The number of vaccines, which we will receive initially under COVAX may just be enough to inoculate healthcare workers. And given that the high-risk age group in Guyana starts from 55 years – unlike other countries which starts at 65 years – there will be an initial need for far more vaccines than we will be obtaining from COVAX.
Lockdowns implemented decisively and enforced strictly will help save the economy. If the present number of new cases continue, not even vaccinating the entire country will save us. There has to be dramatic slowing down of the new infections over the next few months if Guyana is to avoid having to shut the entire country down.

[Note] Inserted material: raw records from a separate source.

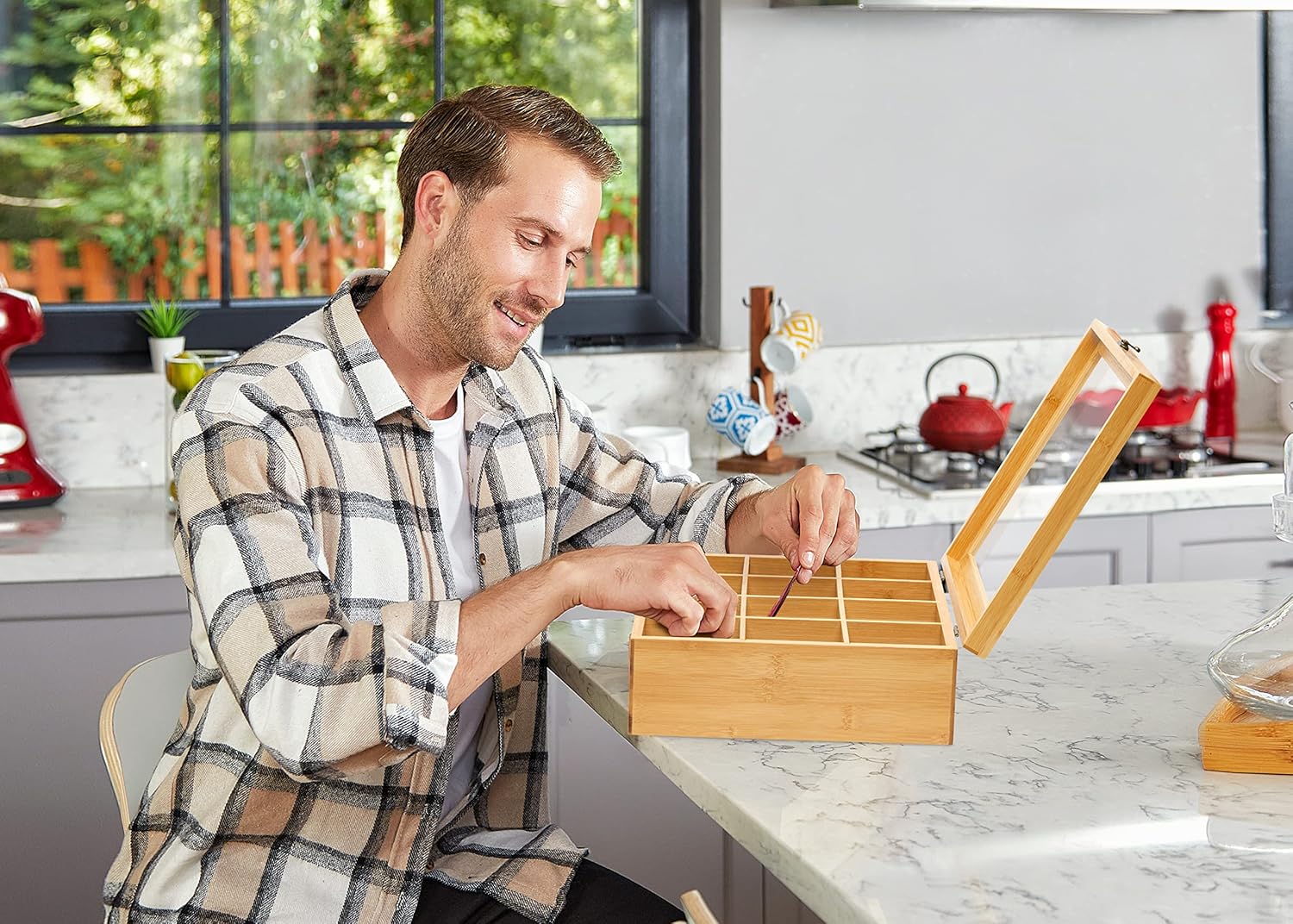 - Attractive Design: This tea box is made of unadulterated bamboo, it's an eco-friendly material and it is the ideal tea box for your home and office.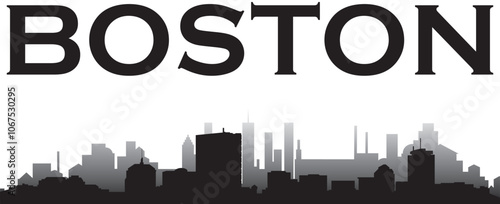 Obraz premium Black colored silhouette city skyline of city of Boston on white background with inscription of the name of the city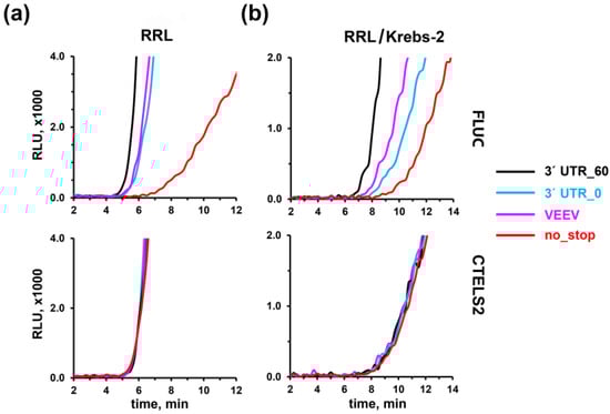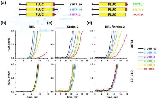 To systematically investigate the effects of short 3′ UTR on translation termination, we used the CTELS2 system to prepare 5 pairs of stop-codon containing non-polyadenylated transcripts with various 3′ UTR lengths, ranging from 0 to 60 nt (Figure 3a). We also took the mRNA pair with no stop codon, as described above. Translation of these 12 constructs in RRL revealed pronounced delays in the appearance of luciferase activity, depending on the 3′ UTR length, in the case of FLUC transcripts (Figure 3b). However, for all CTELS2 derivatives, the activity arose roughly at the same time (Figure 3b, lower panel). This indicated marked problems occurring specifically at the termination stage. Although the termination failure in cases of the FLUC transcripts with short 3′ UTRs was much less dramatic than with the construct lacking stop codon, the delay was still clear even for the transcript having the 10-nt 3′ UTR. A similar pattern of termination failure was detected for the Krebs-2 S30 extract (Figure 3c), although in this system the nonstop luciferase transcript produced luciferase after a shorter delay, as evident from its comparison with FLUC mRNA having zero-length 3′ UTR. It probably reflected the presence of more efficient “nonstop” rescue pathway in Krebs-2 cells, as suggested above. Finally, we repeated the experiment in the RRL/Krebs-2 hybrid lysate, since such chimeric in vitro systems combine the best features of both their components—high translation efficiency of RRL and relevance to living cells, inherent to the extracts prepared from cultured cells []. This hybrid system reproduced the effects observed above (Figure 3d), showing aggravated termination defects with the decreasing 3′ UTR length. Thus, we concluded that reproducible translation termination defects caused by insufficient 3′ UTR length are well documented with the CTELS approach.

The Barbadian government is not making excuses. It has agreed to a lockdown. Barbados is going on a two-week lockdown from next Wednesday. It has had more than 1,000 new cases for January, which is far less than what we have had. But it is taking decisive action.
It may surprise many Guyanese that Barbados, as at Jan. 27, had 1,443 cases, compared to the more than 7,000 cases of Guyana. It has 10 deaths compared to Guyana’s 175.
Yet, unlike our slack governments, the Barbadian government is moving swiftly to ensure that what has happened in Guyana, Trinidad and Jamaica will not happen there.
That is called leadership. We prefer to hang on to the sinking ship, which we call our governments.
(The views expressed in this article are those of the author and do not necessarily reflect the opinions of this newspaper.)